Too many are fooled by the ever so slight differences in Hp at slightly higher/lower rpm's. All else being equal - it's the weight of the tractor & type of tires that will get the job done. Weight & pull/grunt will do the job.

 

[radios1]

the one rated at the lower RPM has a larger engine, so it don't have to rev so high!. it's like why do formula 1 cars rev so high, 7000 RPM+ well, that's to get more HP with the same size engine!..

 

[Croomrider]

Most engines do lose torque if they go above a certain RPM. There can be a lot of different reasons for it, but it basically comes down to the design criteria. When you see rpm's listed on tractor HP, that rpm is most likely the highest torque rpm for that engine and is usually also where the tractor is set to make 540 rpm's at the PTO.

 

[Croomrider]

the one rated at the lower RPM has a larger engine, so it don't have to rev so high!. it's like why do formula 1 cars rev so high, 7000 RPM+ well, that's to get more HP with the same size engine!..

That would generally be true if the engines are not turbo charged. A smaller turbocharged engine could make a higher rated HP at a lower RPM!

 

[ptsg]

Most engines do lose torque if they go above a certain RPM. There can be a lot of different reasons for it, but it basically comes down to the design criteria. When you see rpm's listed on tractor HP, that rpm is most likely the highest torque rpm for that engine and is usually also where the tractor is set to make 540 rpm's at the PTO.

Not entirely true. Here is the power and torque graph for the Kukje/Cummins A1700 on my tractor. The 540 RPM on the PTO is around 2500 engine RPM when the HP maxes out. While the 540E is around 1900 engine RPM, right at the torque peak.

 

[ericm979]

Tractor designers often aim for "torque rise" (sometimes called torque backup). That's where as the RPMS drop from the operating RPMS, torque rises. That makes the tractor hold RPMS better under load and be less likely to stall. Obviously torque can't rise too much or over to far an RPM drop. But since it's often the case that tuning for good torque at low RPMS will naturally result in torque peaking at lower RPM than the mechanical redline or the HP peak, it's common to have torque rise.

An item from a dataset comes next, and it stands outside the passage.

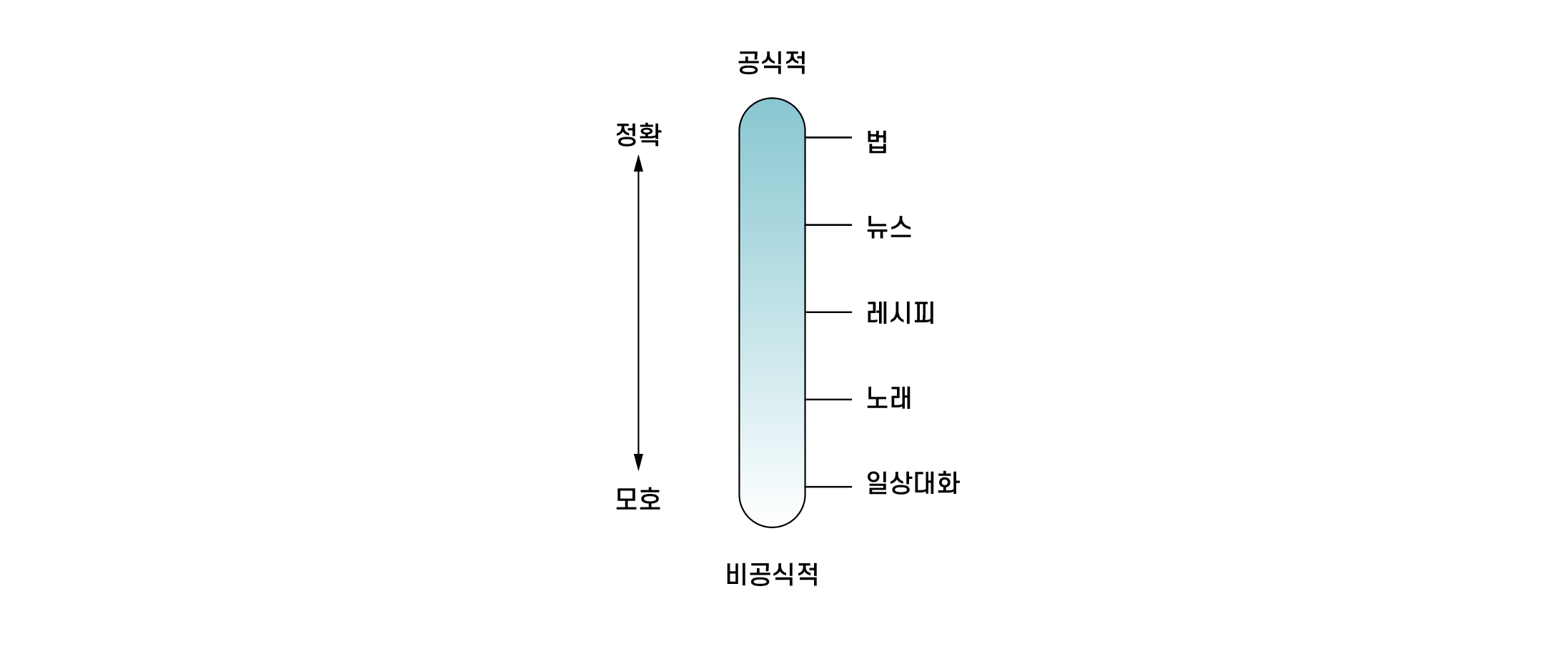 의사소통은 여러 종류가 있다. 공식적인 것도 있고, 비공식적인 것도 있다. 그림은 의사소통 종류에 따라 얼마나 정확성이 요구되는지를 나타낸다. 일상적인 대화나 노래 가사는 비공식적 의사소통으로, 어느 정도 모호함이 내재되어 있다. 하지만 법이나 뉴스는 정확성이 요구된다.
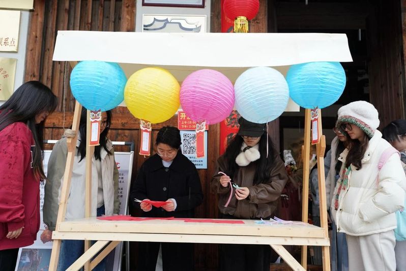 民俗协会的同学们举办了传统花艺制作游戏,吸引众多同学前来体验。同学们用各种彩纸制作花朵,只见她们手指翻飞,一朵朵精致的花朵便在指尖绽放,栩栩如生。剪纸的同学们则巧思妙剪,或勾勒花瓣的轻盈,或雕琢枝叶的纹理,一张张彩纸在他们手中化作姿态各异的花卉图案,仿佛春天的绚烂定格于纸间。周围围满了好奇的同学,纷纷驻足欣赏,不时传来惊叹和欢笑。

Torque backup | Perkins Engines

 

[finn1]

The governor on the fuel system, either electronic or old style mechanical systems pulls back fuel delivery above rated speed of the engine. High idle, ie max unloaded engine rpm, unloaded is anywhere from 3% to 10% above the speed that the engine produces max power. The governor / power curve above rated is called the overrun curve.

Stationary engines, for example genset engines have a very steep overrun curve, sometimes using an isochronous governor strategy.

Road vehicles usually have broader regulation curves for driveability reasons, ie hitting the governor at shift points is like hitting a wall, as power drops off seemingly instantaneously with a “tight” governor.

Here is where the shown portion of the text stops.